To calculate the Bayesian predictive distributions and the probabilities for the largest expected earthquakes, we first generated the Markov chains for all the model parameters {*θ*, *ω*} = {*β*, *μ*, *K*, *c*, *p*, *α*} by specifying the training time interval from *T*_{0} to *T*_{e} and extracting the earthquakes in this interval above a certain threshold *m*_{c}. The Markov chains were simulated using the Metropolis-within-Gibbs algorithm as described in the “Methods” section. Finally, for each set of the model parameters from the generated MCMC chain, we simulated the ETAS process forward in time using the well-established thinning algorithm^{42} and extracted the maximum magnitude event. The distribution of these maxima converges to the Bayesian predictive distribution (see the “Methods” section). For the prior distribution, *π*(*θ*, *ω*), of the model parameters, we used a Gamma distribution (specific values for the mean and variance of the priors for each model parameter are provided in Table 3). We used the point estimates of the ETAS parameters as the mean values for the prior distributions. We also considered a truncated Normal distribution as a prior distribution. Both these distributions produced statistically similar results. As these distributions are used to constrain any prior knowledge on the model parameters, we assumed that this information can be represented by a bell-shaped distribution with a well-defined mean value and variance. The prior distribution plays an important role in the Bayesian analysis and we explore the sensitivity of the obtained results due to the variation of the prior parameters later in the analysis.
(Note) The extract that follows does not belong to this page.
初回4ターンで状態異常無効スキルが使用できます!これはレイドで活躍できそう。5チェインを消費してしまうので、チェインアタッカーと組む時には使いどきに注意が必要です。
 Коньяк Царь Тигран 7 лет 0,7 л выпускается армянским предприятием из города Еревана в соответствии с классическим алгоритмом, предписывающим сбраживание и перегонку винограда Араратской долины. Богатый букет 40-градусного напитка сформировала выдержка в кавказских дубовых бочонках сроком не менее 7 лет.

For the proposal distribution \(J(x|\tilde x)\), we used a truncated Normal distribution with the support defined as the positive real axis *x* ∈ [0, ∞] to assume the positive values for the model parameters (the variances are provided in Table 3). The choice of the proposal distribution depends on how well it can approximate the posterior distribution. It also plays a critical role for the convergence of the Markov chains. Typically, standard statistical distributions are used. For each combination of the training and forecasting time intervals, we simulated total of 200,000 samples and discarded 100,000 samples as burn-in. One particular example of the Markov chains for the ETAS model parameters is given in Supplementary Fig. 1. For the MCMC sampling of the ETAS parameters we used only events during the training time interval [*T*_{0}, *T*_{e}].
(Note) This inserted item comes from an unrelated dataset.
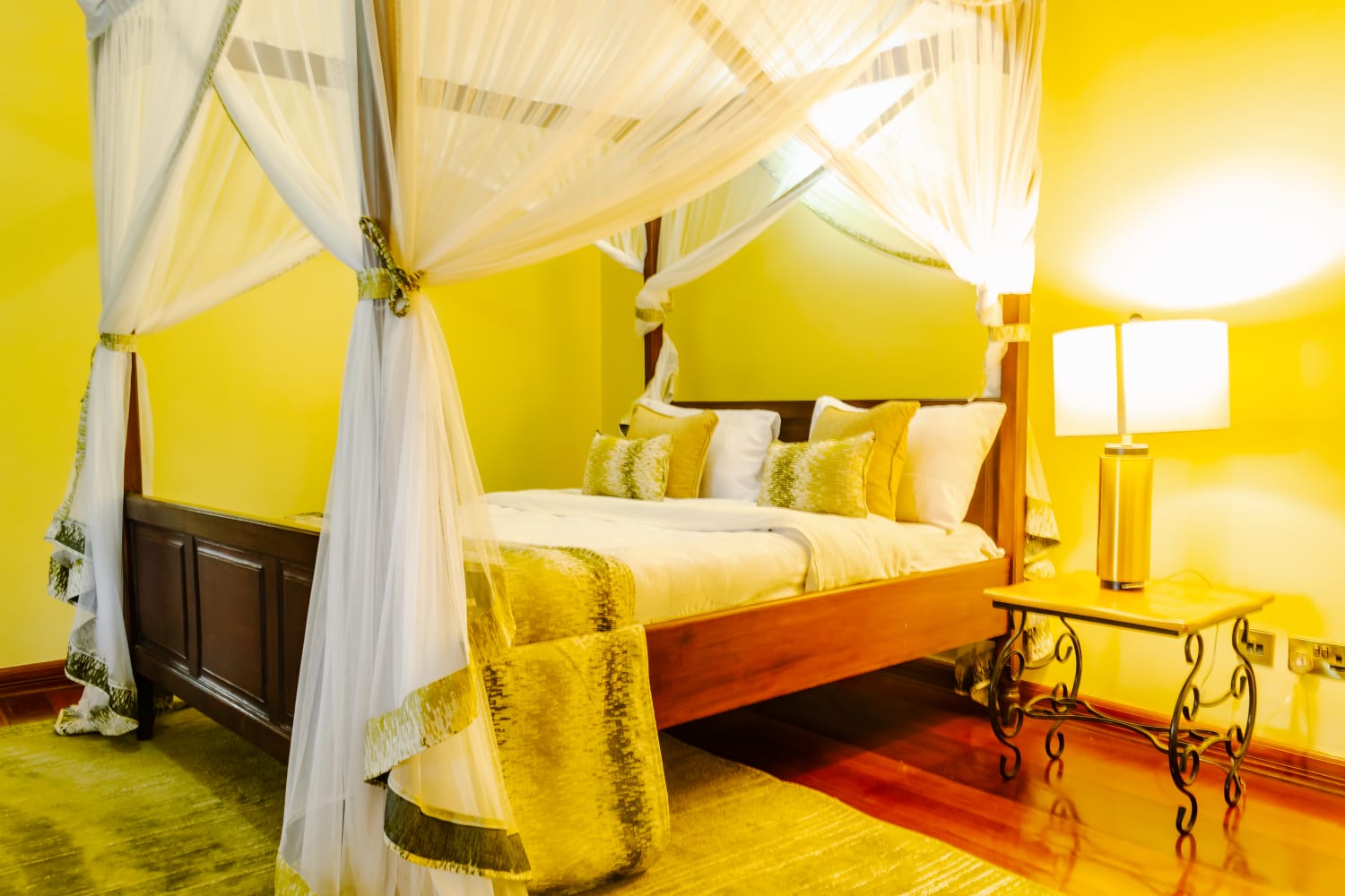 - Centerpiece: A plush queen-sized bed dressed in fine linens

For the first sequence, we considered the following training time interval *T*_{0} = 0, *T*_{s} = 0.05, and *T*_{e} = 2.16 days, which included the time of the occurrence of the M7.3 mainshock (Fig. 2). This includes \(1\) day of aftershocks that occurred after the M7.3 mainshock. We used the times and magnitudes of the earthquakes above magnitude *m*_{c} ≥ 3.3 during this training period to compute the Bayesian predictive distribution and estimate the probabilities for the largest expected earthquakes above magnitudes *m* = 5.8 and 6.3 to occur in the next Δ*T* = 5, 10, and 15 days. The corresponding distributions and probabilities are shown in Fig. 3. The probabilities display a gradual increase with increasing forecasting time interval Δ*T*. The computed probability of *P*_{B}(*m*_{ex} > 5.8) = 0.63 to have an aftershock above magnitude 5.8 during the next Δ*T* = 5 days can be appreciated by examining retrospectively the actual earthquakes that occurred during this forecasting time interval. In the sequence 2 strong aftershocks with magnitudes 5.8 and 5.5 happened during this forecasting time interval (Fig. 2).
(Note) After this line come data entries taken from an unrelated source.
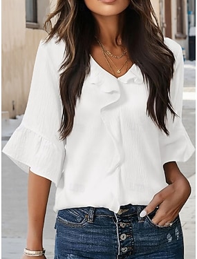 Dame Bluse Drapering Helfarge Stilfull Grunnleggende Fritid 3/4 ermer V-hals Vanlige topper Daglig Blå Svart Hvit Rød Grønn Sommer Vår Høst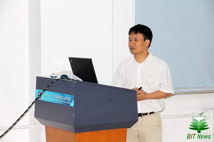 智能機(jī)器人研究所黃強(qiáng)所長從機(jī)器人的發(fā)展態(tài)勢和機(jī)遇、我校機(jī)器人研究的發(fā)展思路和成果、機(jī)器人產(chǎn)業(yè)化的發(fā)展和思考三個(gè)方面進(jìn)行了介紹。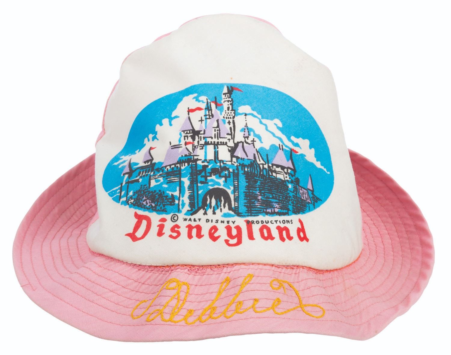(Disneyland, 1960s) A souvenir Disneyland Hat featuring Sleeping Beauty Castle. Measuring a size large, the hat has been personalized with the name "Debbie" and is in very good condition with slight crushing, mild creases to the crown, and wear.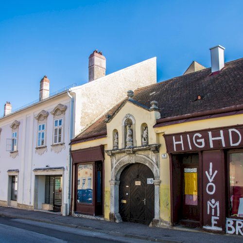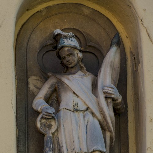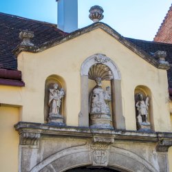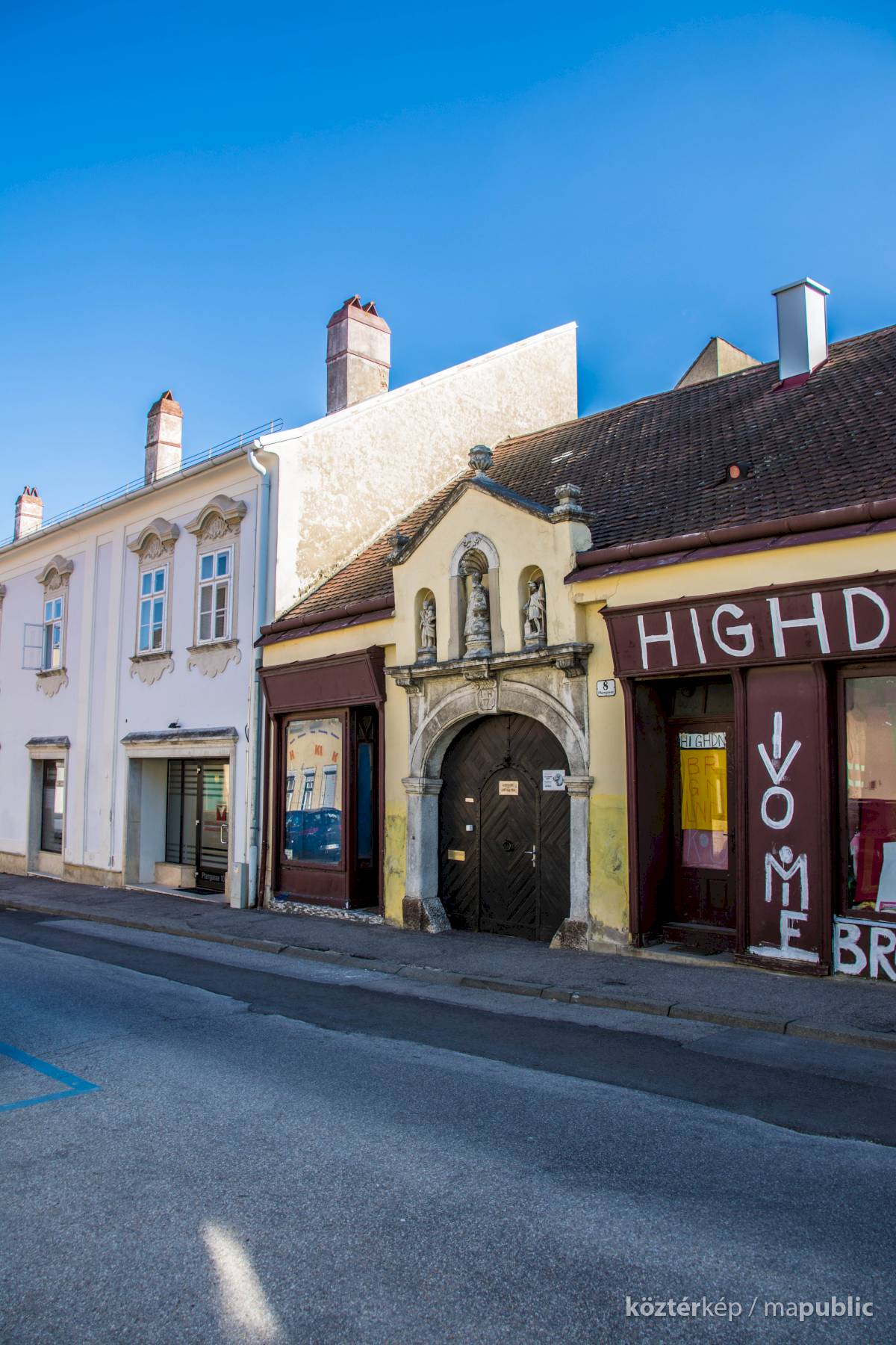 A Pfrargassén álló, 1779-ben épített ház homlokzati fülkéiben három szobor áll.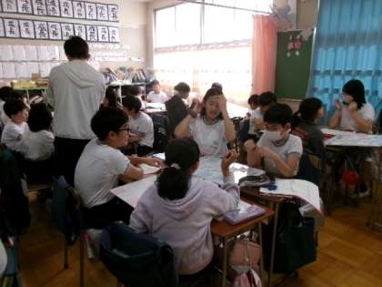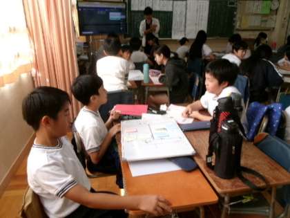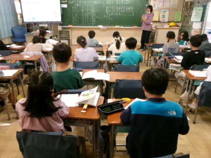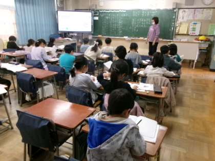 4年生は国語の時間に、「ごんぎつね」を読んだことを基に班で交流をしました。班の中でよく発表できた児童に投票し合った結果を発表しています。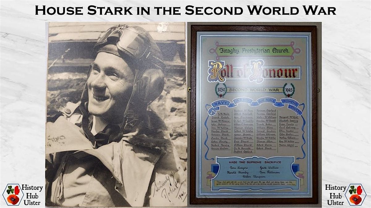 Four members of the Stark family of North Belfast and Finaghy served in the Second World War and are commemorated on the Roll of Honour for Lowe Memorial Presbyterian Church in Finaghy. Whilst reference will be made to all of them, the talk will focus on the war history of Flying Officer Robert Henry Stark (Royal Air Force Volunteer Reserve) who donated a record of his war service with PRONI in the 1980s. Rob Stark maintained a meticulous and detailed account of his war service and the PRONI record fills an A4 lever-arch file. The talk will be introduced by a PRONI member of staff, who will provide an overview of the file and highlight one or two items of particular interest. The remainder of the talk will be a presentation by Nigel Henderson of History Hub Ulster, giving an overview of the Stark family and then outlining Rob Stark's war service.

For this sequence, we also analyzed the distribution of the interarrival time intervals Δ*T* to the next largest expected earthquake to be above a certain magnitude *m*_{ex} (Fig. 4). We computed the distribution of interarrival times to the next extreme earthquake above several magnitude thresholds *m*_{ex} = 5.8, 6.3, and 6.5. For the fixed probability levels of 5%, 10%, and 20% the estimated interarrival times are given in the legend of Fig. 4.

In addition to the sequence analyzed above, we also considered the training time interval from *T*_{0} = 0 to *T*_{e} = 1.16 days with *T*_{s} = 0.03 days, which ended right before the occurrence of the M7.3 mainshock. We used the times and magnitudes of the earthquakes above magnitude *m*_{c} ≥ 3.1 during this training period to compute the Bayesian predictive distribution and estimate the probabilities for the largest expected earthquakes above magnitudes *m* = 6.5 and 7.3 to occur in the next Δ*T* = 5, 10, and 15 days. This is illustrated in Supplementary Fig. 4.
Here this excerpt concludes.